*WHAT YOU NEED TO DO:* Wherever a picture appears, leave it out, and transcribe the rest of the records exactly.

*EXTRACTED RECORDS:*
——

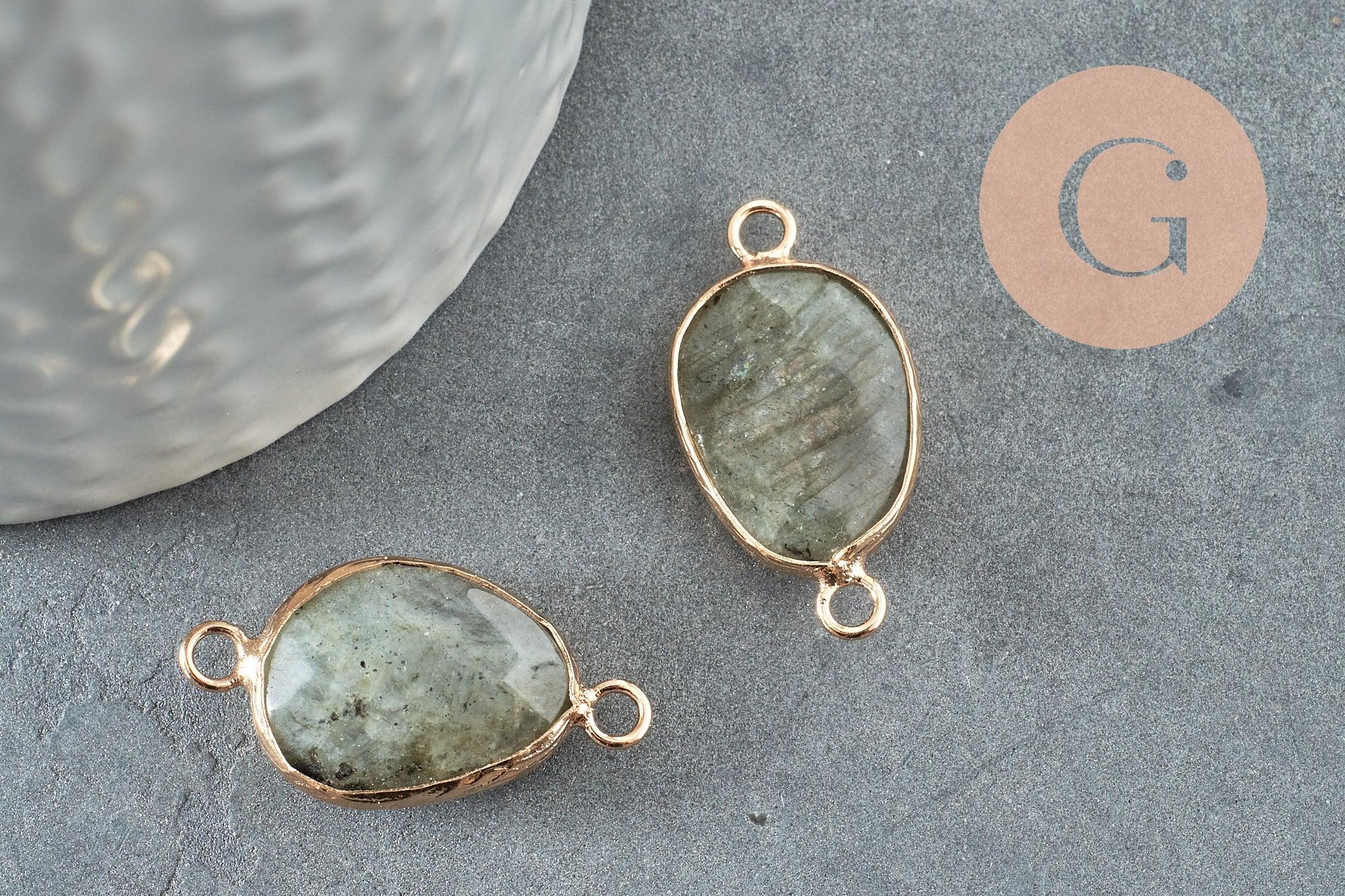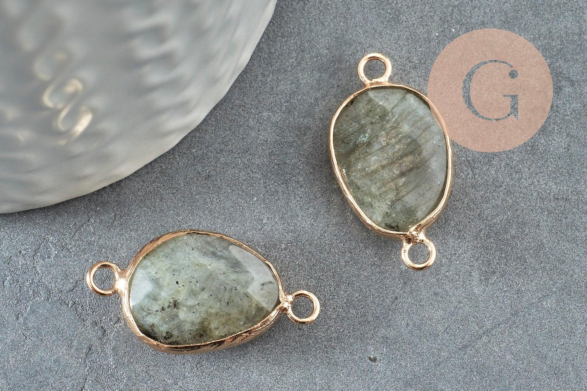 Colgante conector labradorita natural, latón dorado 27.5mm, creación de joyería con piedras naturales, x1 G0308
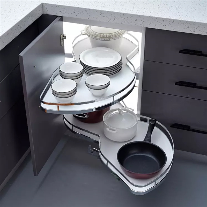 Mâm xoay hình lá T-Leaf Ecalite EL-NST900R - Phụ kiện hiện đại cho góc tủ bếp Mâm xoay hình lá Ecalite EL-NST900R sở hữu kiểu dáng hiện đại với chất liệu inox cao cấp, luôn bền đẹp và chống oxi hoá tối ưu. Với thiết kế hai tầng cùng hệ thống giá đỡ chắc chắn, đây hứa hẹn sẽ là phụ kiện bếp hoàn hảo giúp tận dụng triệt để góc tủ bếp hẹp, đem đến sự gọn gàng, đẹp mắt cho căn bếp nhà bạn.    Mâm xoay hình lá T-Leaf Ecalite EL-NST900R   Chi tiết mâm xoay inox Ecalite EL-NST900R Kiểu dáng sang trọng, hiện đại   Mâm xoay hình lá 900mm Ecalite EL-NST900R là sản phẩm dành riêng cho kệ góc bên trong tủ bếp. Do đó, phụ kiện được thiết kế để lắp đặt âm tủ giúp tiết kiệm diện tích hiệu quả, đồng thời tận dụng tối đa không gian của tủ bếp. Sản phẩm vì thế rất phù hợp cho xu hướng thiết kế nhà ở hiện nay, đặc biệt là các không gian bếp nhỏ như nhà phố hoặc chung cư, đem đến sự tiện lợi và sang trọng cho tổng thể. Với gam màu trắng trung tính trang nhã, thanh lịch sẽ tôn lên vẻ đẹp cho căn bếp nhà bạn.   Thiết kế hiện đại điểm nhấn cho căn bếp   Chất liệu inox cao cấp, chắc chắn, chống gỉ sét   Một chất liệu được ứng dụng phổ biến trong ngành thiết bị nhà bếp nói chung cũng như  nói riêng được các chuyên gia đánh giá cao chính là chất liệu inox (thép không gỉ). Ecalite EL-NST900R với việc hoàn thiện từ chất liệu này nên sở hữu nhiều ưu điểm lớn như cấu trúc chắc chắn, chịu lực tốt, bề mặt sáng bóng, chống bám bẩn, chống oxi hoá vượt trội. Nhờ vậy, sản phẩm luôn đảm bảo độ bền cao, bền đẹp theo thời gian.    Bề mặt sáng bóng thuận tiện để vệ sinh   Thiết kế hai tầng, di chuyển độc lập tiện lợi   Mâm xoay hình lá Ecalite có thiết kế 2 tầng với mâm trên và mâm dưới giúp người dùng phân loại chén đĩa, chai lọ, riêng biệt trên mỗi tầng. Đồng thời, với khả năng xoay chuyển hướng độc lập,  này giúp bạn lấy các vật dụng cần thiết một cách nhẹ nhàng, nhanh chóng mà không tốn nhiều sức.   Ecalite EL-NST900R có thiết kế 2 tầng riêng biệt     Sắp xếp đồ dùng khoa học, sạch sẽ   Với thiết kế nan vuông có độ chắc chắn cao, Ecalite EL-NST900R được sử dụng cho nhiều nhu cầu lưu trữ của gia đình như úp chén dĩa, xoong nồi, các loại hộp, cốc, chai lọ, một cách khoa học, ngăn nắp, thuận tiện cho việc sử dụng hàng ngày. Ngoài ra, nhờ được bảo quản bên trong tủ bếp nên các đồ dùng luôn sạch sẽ, không lo bị côn trùng làm bẩn, bảo vệ sức khoẻ của người dùng.    Khả năng lưu trữ thông minh của mâm xoay góc Ecalite Khả năng chịu lực lớn   Mâm xoay hình lá inox Ecalite EL-NST900R được trang bị trục cố định chắc chắn để liên kết giữa các tầng giúp giá có được tải trọng lớn mà không lo cong, võng, hư hỏng. Nhờ đó, người dùng có thể đặt được nhiều vật dụng lớn mà vẫn đảm bảo độ an toàn.    Các chi tiết được gắn chắc chắn không lo bị cong vênh     Chính sách bảo hành mâm xoay mở phải Ecalite EL-NST900R Mâm xoay hình lá T-Leaf Ecalite EL-NST900R tủ dưới được  bảo hành chính hãng 3 năm tại nhà. Tham khảo thêm:        Chính sách bảo hành 3 năm giúp khách hàng sử dụng yên tâm   Mâm xoay hình lá mở phải Ecalite EL-NST900R sở hữu nhiều ưu điểm về thiết kế, chất liệu, công năng. Đây là phụ kiện tủ bếp dưới đẹp mắt và tiện lợi trở thành giải pháp thông minh cho việc lưu trữ của các gia đình.   Nguồn : ecalite.com
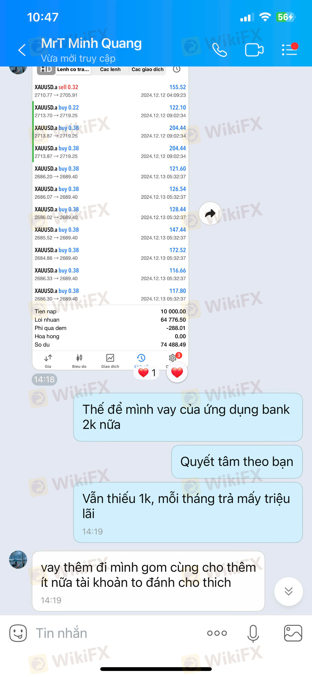 Ngày 25/11/2024, tôi có quen IB sàn IVy Markets tên là Minh Quang (Số điện thoại zalo là 0924.540.640). Người này dụ dỗ tôi nạp tổng cộng 12.000 USD vào sàn dưới tài khoản MT5 891418 để trade và copytrade. Khi thấy dấu hiệu sụt giảm và sàn gian lận, tôi đã làm đề xuất rút thử 84USD. Sàn chấp thuận. Nhưng khi có yêu cầu rút hết thì sàn không phản hồi. Đặc biệt, ngày 27/12/2024, sàn này tự ý thực hiện lệnh rút tiền trong tài khoản của tôi số tiền là 5.000 USD trên tổng số 6.227 USD. Tôi đã đề nghị sàn làm rõ, nhưng không thể liên hệ được với IB hay sp của sàn.
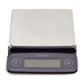 INFORMAÇÕES GERAIS DA BALANÇA DIGITAL PARA COZINHA TRAMONTINA EM AÇO INOX - Balança digital de alta precisão com base em aço inox. - A balança de precisão oferece dois sistemas de medida: Métrico (g) e Imperial (lb:oz); - Indicação de pilhas fracas e de sobrecarga; - Com sensor extensômetro de alta precisão; - Com função de tara; - Desligamento automático; - Capacidade máxima: 3 Kg; - 2 pilhas AAA de 1,5 V (não acompanham o produto).
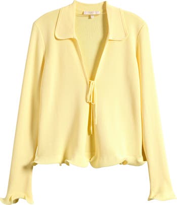 A spread collar and slender front ties frame this playfully ruffled cardigan that perfectly merges sweet style with easy-wear comfort.
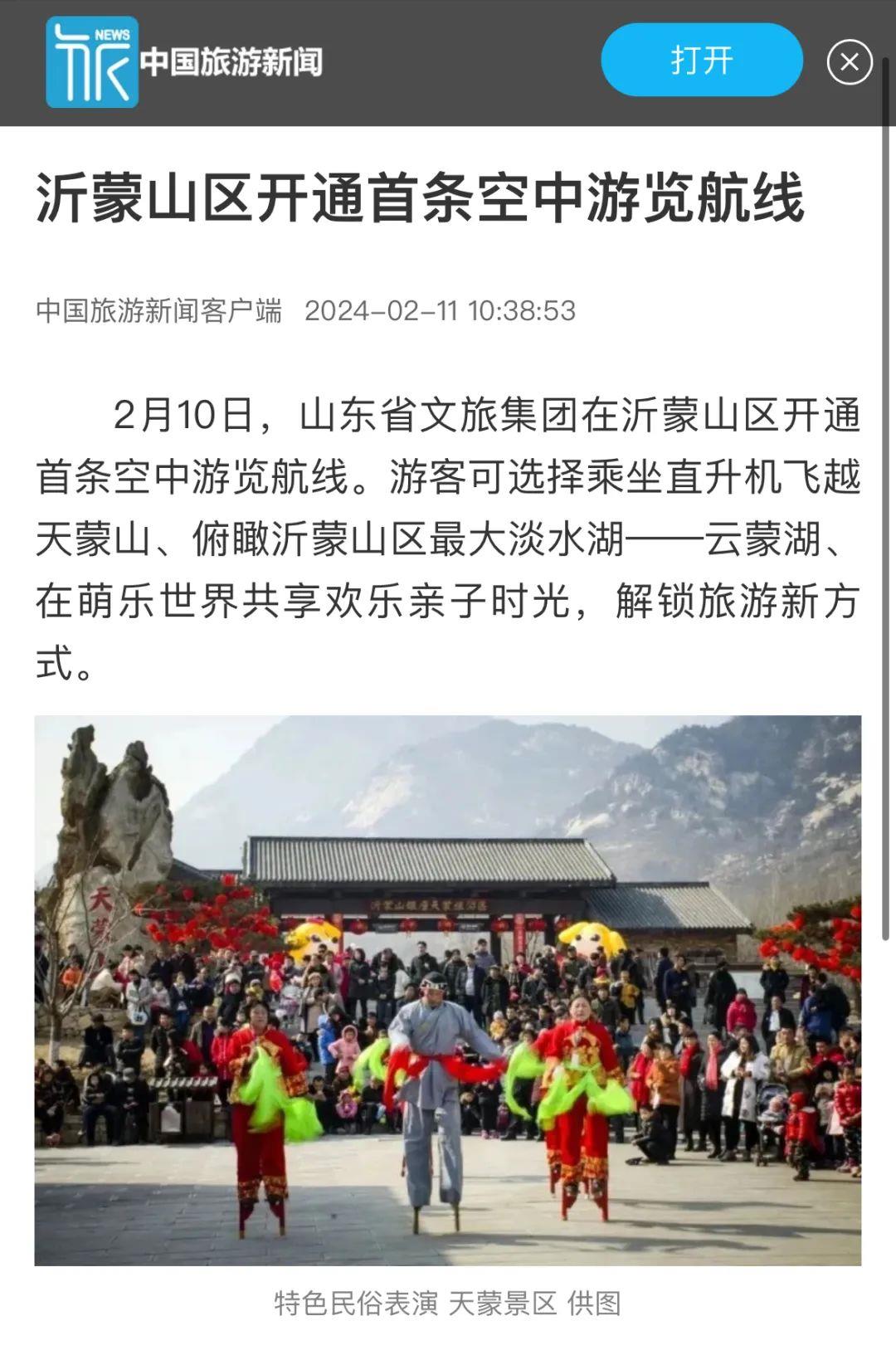 飛天瞰云享萌樂,“山東首條空中游覽航線”正式通航,游客可以乘坐直升飛機從天蒙景區(qū)飛越至云蒙明珠景區(qū)、萌樂世界旅游區(qū),俯瞰沂蒙好風(fēng)光,欣賞大型水舞秀——云蒙明珠之夜。

——

*REPLY:*
 Colgante conector labradorita natural, latón dorado 27.5mm, creación de joyería con piedras naturales, x1 G0308
 Mâm xoay hình lá T-Leaf Ecalite EL-NST900R - Phụ kiện hiện đại cho góc tủ bếp Mâm xoay hình lá Ecalite EL-NST900R sở hữu kiểu dáng hiện đại với chất liệu inox cao cấp, luôn bền đẹp và chống oxi hoá tối ưu. Với thiết kế hai tầng cùng hệ thống giá đỡ chắc chắn, đây hứa hẹn sẽ là phụ kiện bếp hoàn hảo giúp tận dụng triệt để góc tủ bếp hẹp, đem đến sự gọn gàng, đẹp mắt cho căn bếp nhà bạn.    Mâm xoay hình lá T-Leaf Ecalite EL-NST900R   Chi tiết mâm xoay inox Ecalite EL-NST900R Kiểu dáng sang trọng, hiện đại   Mâm xoay hình lá 900mm Ecalite EL-NST900R là sản phẩm dành riêng cho kệ góc bên trong tủ bếp. Do đó, phụ kiện được thiết kế để lắp đặt âm tủ giúp tiết kiệm diện tích hiệu quả, đồng thời tận dụng tối đa không gian của tủ bếp. Sản phẩm vì thế rất phù hợp cho xu hướng thiết kế nhà ở hiện nay, đặc biệt là các không gian bếp nhỏ như nhà phố hoặc chung cư, đem đến sự tiện lợi và sang trọng cho tổng thể. Với gam màu trắng trung tính trang nhã, thanh lịch sẽ tôn lên vẻ đẹp cho căn bếp nhà bạn.   Thiết kế hiện đại điểm nhấn cho căn bếp   Chất liệu inox cao cấp, chắc chắn, chống gỉ sét   Một chất liệu được ứng dụng phổ biến trong ngành thiết bị nhà bếp nói chung cũng như  nói riêng được các chuyên gia đánh giá cao chính là chất liệu inox (thép không gỉ). Ecalite EL-NST900R với việc hoàn thiện từ chất liệu này nên sở hữu nhiều ưu điểm lớn như cấu trúc chắc chắn, chịu lực tốt, bề mặt sáng bóng, chống bám bẩn, chống oxi hoá vượt trội. Nhờ vậy, sản phẩm luôn đảm bảo độ bền cao, bền đẹp theo thời gian.    Bề mặt sáng bóng thuận tiện để vệ sinh   Thiết kế hai tầng, di chuyển độc lập tiện lợi   Mâm xoay hình lá Ecalite có thiết kế 2 tầng với mâm trên và mâm dưới giúp người dùng phân loại chén đĩa, chai lọ, riêng biệt trên mỗi tầng. Đồng thời, với khả năng xoay chuyển hướng độc lập,  này giúp bạn lấy các vật dụng cần thiết một cách nhẹ nhàng, nhanh chóng mà không tốn nhiều sức.   Ecalite EL-NST900R có thiết kế 2 tầng riêng biệt     Sắp xếp đồ dùng khoa học, sạch sẽ   Với thiết kế nan vuông có độ chắc chắn cao, Ecalite EL-NST900R được sử dụng cho nhiều nhu cầu lưu trữ của gia đình như úp chén dĩa, xoong nồi, các loại hộp, cốc, chai lọ, một cách khoa học, ngăn nắp, thuận tiện cho việc sử dụng hàng ngày. Ngoài ra, nhờ được bảo quản bên trong tủ bếp nên các đồ dùng luôn sạch sẽ, không lo bị côn trùng làm bẩn, bảo vệ sức khoẻ của người dùng.    Khả năng lưu trữ thông minh của mâm xoay góc Ecalite Khả năng chịu lực lớn   Mâm xoay hình lá inox Ecalite EL-NST900R được trang bị trục cố định chắc chắn để liên kết giữa các tầng giúp giá có được tải trọng lớn mà không lo cong, võng, hư hỏng. Nhờ đó, người dùng có thể đặt được nhiều vật dụng lớn mà vẫn đảm bảo độ an toàn.    Các chi tiết được gắn chắc chắn không lo bị cong vênh     Chính sách bảo hành mâm xoay mở phải Ecalite EL-NST900R Mâm xoay hình lá T-Leaf Ecalite EL-NST900R tủ dưới được  bảo hành chính hãng 3 năm tại nhà. Tham khảo thêm:        Chính sách bảo hành 3 năm giúp khách hàng sử dụng yên tâm   Mâm xoay hình lá mở phải Ecalite EL-NST900R sở hữu nhiều ưu điểm về thiết kế, chất liệu, công năng. Đây là phụ kiện tủ bếp dưới đẹp mắt và tiện lợi trở thành giải pháp thông minh cho việc lưu trữ của các gia đình.   Nguồn : ecalite.com
 Ngày 25/11/2024, tôi có quen IB sàn IVy Markets tên là Minh Quang (Số điện thoại zalo là 0924.540.640). Người này dụ dỗ tôi nạp tổng cộng 12.000 USD vào sàn dưới tài khoản MT5 891418 để trade và copytrade. Khi thấy dấu hiệu sụt giảm và sàn gian lận, tôi đã làm đề xuất rút thử 84USD. Sàn chấp thuận. Nhưng khi có yêu cầu rút hết thì sàn không phản hồi. Đặc biệt, ngày 27/12/2024, sàn này tự ý thực hiện lệnh rút tiền trong tài khoản của tôi số tiền là 5.000 USD trên tổng số 6.227 USD. Tôi đã đề nghị sàn làm rõ, nhưng không thể liên hệ được với IB hay sp của sàn.
 INFORMAÇÕES GERAIS DA BALANÇA DIGITAL PARA COZINHA TRAMONTINA EM AÇO INOX - Balança digital de alta precisão com base em aço inox. - A balança de precisão oferece dois sistemas de medida: Métrico (g) e Imperial (lb:oz); - Indicação de pilhas fracas e de sobrecarga; - Com sensor extensômetro de alta precisão; - Com função de tara; - Desligamento automático; - Capacidade máxima: 3 Kg; - 2 pilhas AAA de 1,5 V (não acompanham o produto).
 A spread collar and slender front ties frame this playfully ruffled cardigan that perfectly merges sweet style with easy-wear comfort.
 飛天瞰云享萌樂,“山東首條空中游覽航線”正式通航,游客可以乘坐直升飛機從天蒙景區(qū)飛越至云蒙明珠景區(qū)、萌樂世界旅游區(qū),俯瞰沂蒙好風(fēng)光,欣賞大型水舞秀——云蒙明珠之夜。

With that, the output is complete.